Management's presentation of the company roadshow isn't available yet.
Listed underwriters of the IPO are Citigroup, J.P. Morgan, and UBS Investment Bank.
CMDS is attempting to access U.S. public investment at a time where the track record of Chinese company stock performance has been generally challenging for investors.
The company's financials show strong revenue and gross profit growth on an annual basis, but highly variable when factoring in Q1 2019's results.
Sales and marketing expenses as a percentage of total revenue have been uneven; sales & marketing efficiency as a function of marginal gross profit has also been highly variable.
On the legal side, like many Chinese firms seeking to tap U.S. markets, the firm operates within a VIE structure or Variable Interest Entity. U.S. investors would only have an interest in an offshore firm with contractual rights to the firm's operational results but would not own the underlying assets.
This is a legal gray area that brings the risk of management changing the terms of the contractual agreement or the Chinese government altering the legality of such arrangements.
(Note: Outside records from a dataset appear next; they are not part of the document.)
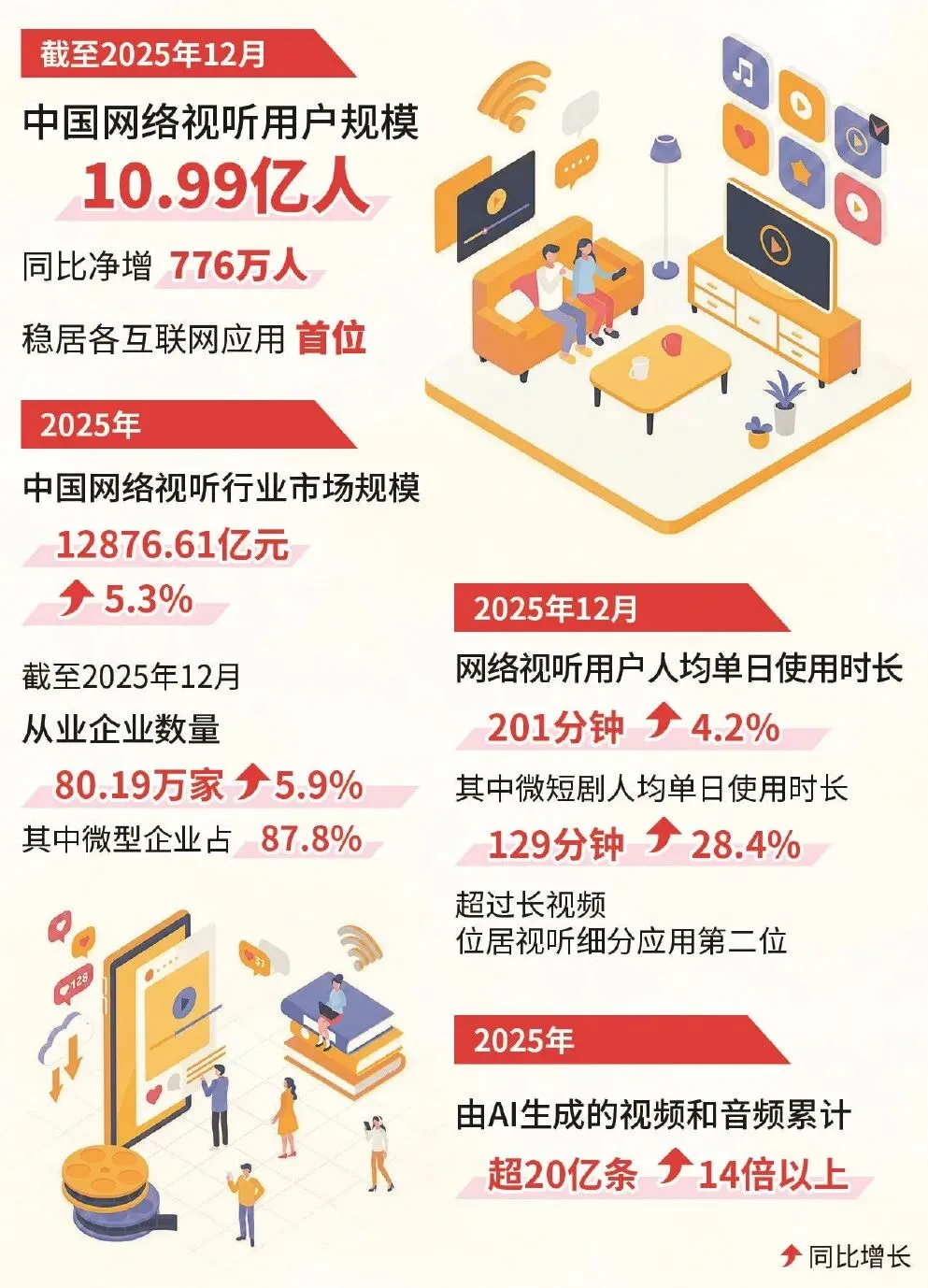 2025年12月,网络视听用户人均单日使用时长201分钟,同比增长4.2%。其中微短剧人均单日使用时长129分钟,同比增长28.4%,使用时长已超过长视频,位居视听细分应用第二位。
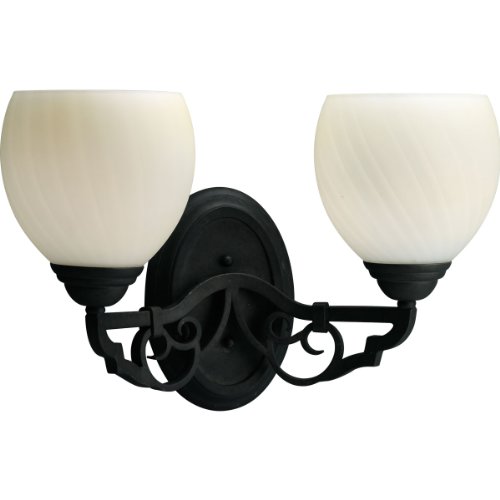 Progress Lighting P2747-80 2-Light Bath Bracket with Antique Swirl Art Glass, Forged Black Info
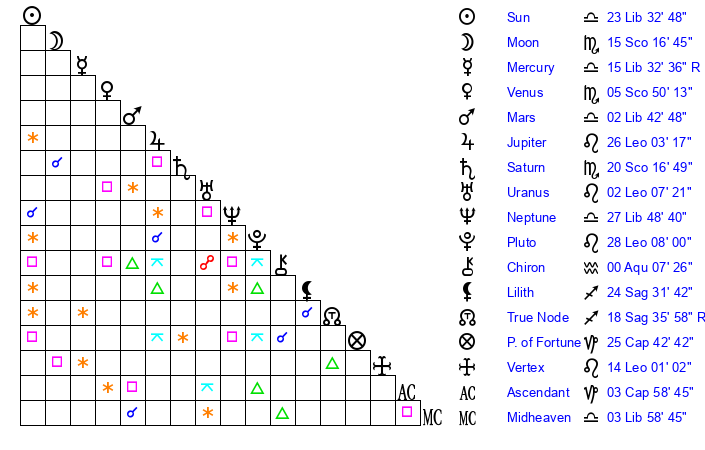 | Moon | 15 Scorpio 16 | 11 Virgo 53 | 29 Taurus 48 |
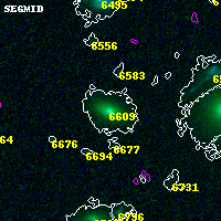 Object #6609 x,y = (2759, 993) RA, Dec = (01:37:24.072, -8:28:51.96) = (24.35030, -8.48110) BPZ = 0.603 [0.525--0.675] type = 5.00 (ES0_B10) chisq2 = 0.00 ODDS = 0.91 z_cluster = 0.566
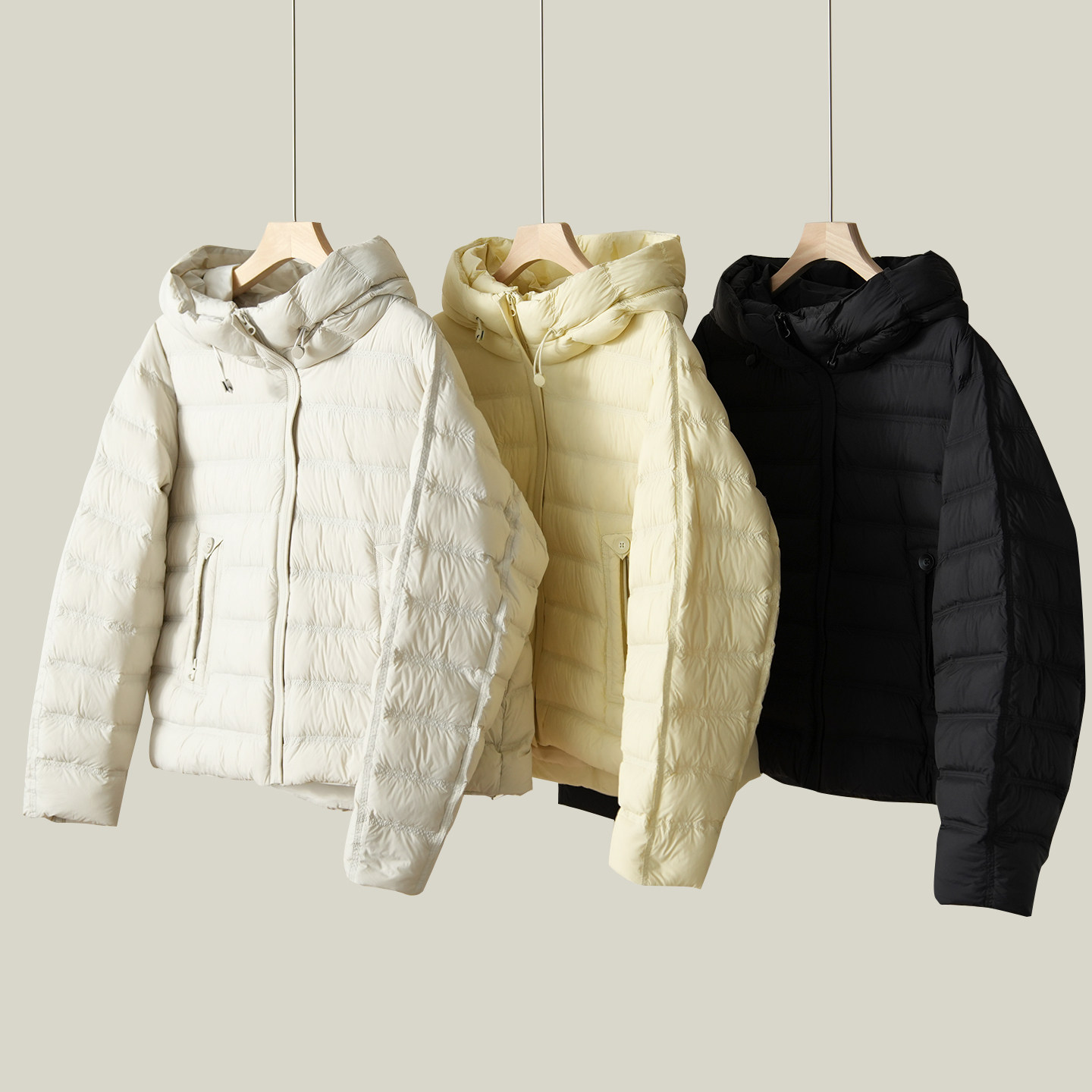 淘宝90绒子 女士连帽轻薄羽绒服 白鸭绒 短款面包服保暖外套 冬款女装

Prospective U.S.-based investors in the IPO would need to factor in this important structural consideration.
The market opportunity for robotic software and hardware integration indicates a tremendous forecasted growth rate and CloudMinds appears well-positioned for selling to Asian business prospects interested in improving the efficiency of their operations.
(The opinions expressed by contributing analysts do not reflect the position of CapitalWatch or its journalists. The analyst has no positions in any stocks mentioned, no plans to initiate any positions within the next 72 hours, and no business relationship with any company whose stock is mentioned in this article. Information provided is for educational purposes only, may be incomplete or out of date, and does not constitute financial, legal, or investment advice.)